So there is a clear distinction between the personality of Jesus, The Father, and the Holy Spirit, to the point that Jesus denies ownership of the words he speaks, and attributes them exclusively to the Father. Again, this could only be true if there is a triune nature to God...
In revelation 5 we see the Lamb, who is Jesus, is a SEPERATE person from the Father, who is sitting on the throne.
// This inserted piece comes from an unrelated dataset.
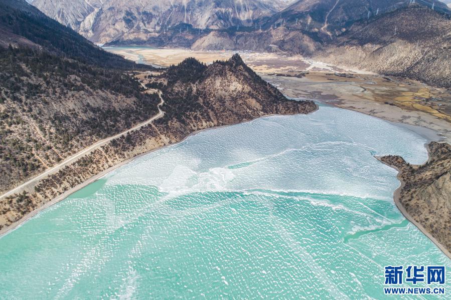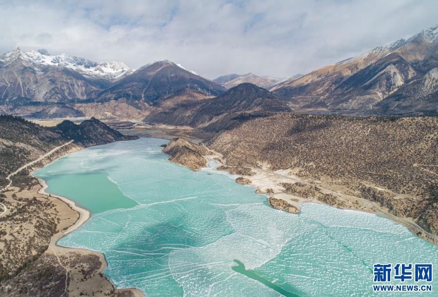 這是2月16日拍攝的然烏湖(無人機照片)。新華社記者 孫非 攝

In revelation 3:12, the speaker, who was earlier identified as Jesus, and as the "First and the Last", refers to one whom he calls "My God". If Jesus is the First and the Last, how can he have a God? Unless that "God" is the Father, a seperate person from himself?
Revelation 22:16 (Whole Chapter)
"I, Jesus, have sent my angel to give you. this testimony for the churches. I am the Root and the Offspring of David, and the bright Morning Star."
This proves that Jesus is deity, and at the same time Eternally the "Son of God"; and that he did not simply gain that title due to the incarnation or the resurrection. Because he is at the same time the root, and the offspring of David. This is exactly why Jesus asked the pharisees the following...
Matt. 22:42Saying, What think ye of Christ? whose son is he? They say unto him, The son of David.
43He saith unto them, How then doth David in spirit call him Lord, saying,
44The LORD(the father) said unto my Lord(the Son), Sit thou on my right hand, till I make thine enemies thy footstool?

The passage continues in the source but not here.